I don’t think men like hugging other skinny men very much.
A bold claim, I know, so let me explain. I’m talking to the guys here.
As a male, if and when I hug another guy, I personally don’t enjoy hugging skinny guys. In fact, the last thing I want to feel in the midst of a friendly embrace is some dude’s rib cage. Or, if you can wrap your arms around a man, and then touch your own back…now come on, this is just plain wrong. No one likes this: it’s like hugging a telephone pole (minus the splinters, of course).
I’d much rather put my arms around some big, rotund, warm bear of a guy than a spindly, bony whisp of a man. Wouldn’t you? Come on, be honest: if you really think about it (guys), when you hug other guys, you discriminate on the basis of weight. You go for the substantial ones. It’s OK, you can admit it…I know I do. Yessir, I like ‘em large.
I think this is why no one likes hugging me. People always prefer to hug my overweight friends over me; but since I perpetuate this issue via my own hugging choices, I can’t really get too upset. Plus I’m Swedish, and we prefer not to hug anyway. Nope, only the plumpest of Swedes engage in such girly displays of affection.
But, there are certain social situations where a hug is unavoidable, like when a lot of Peruvian men are around. If you really must hug a skinny man but are revolted by the very idea of it, try having him stuff pillows or blankets in his shirt. This creates an illusion of girth that may help you get through the hug. Or, if no bedding is available, try getting two skinny guys to stand right next to each other, and then hug them both at the same time. While two skinny guys does not equal one portly guy, it helps.

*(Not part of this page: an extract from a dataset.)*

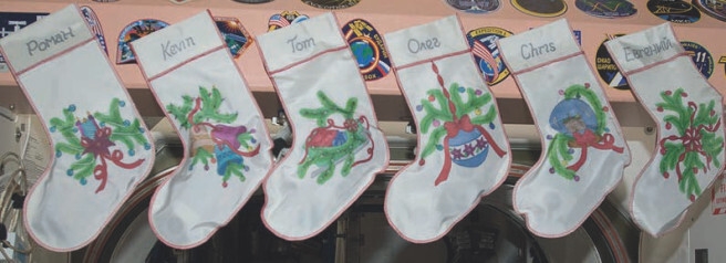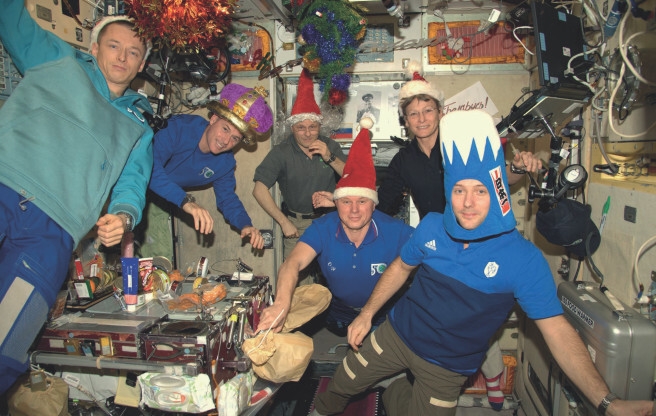Главный же атрибут орбитального досуга — это, конечно, головные уборы. Шапки Санта-Клауса, парики из белых волос, бейсболки, шапка в виде британской короны или даже пирожного с отверстием для лица. Всё это надевается без всякого повода, создавая впечатление, что экипаж постоянно готовится не к выходу в открытый космос, а к выступлению в цирке-шапито.

If the aforementioned methods are just too big of steps to start with, try hugging an obese man while maintaining eye contact with a skinny man. You will find that—if you do this enough—you may eventually be able to associate the warm fuzziness of the fat man with the skinny man.
So you see, there are options available to you when hugging a skinny man is inevitable. You don’t need to make the poor guy feel bad by declining to hug him on the basis of his scrawniness. But, if you simply cannot bring yourself to hug your skeletal friends, try to make up an excuse, like you have to pee, or there’s a good buffet you have to get to. At least try not to make him think you won’t hug him because he doesn’t even weigh triple digits.
But most importantly, don’t beat yourself up because you’d rather hug a fat guy…millions of men every day suffer from this same complex—you’re not alone!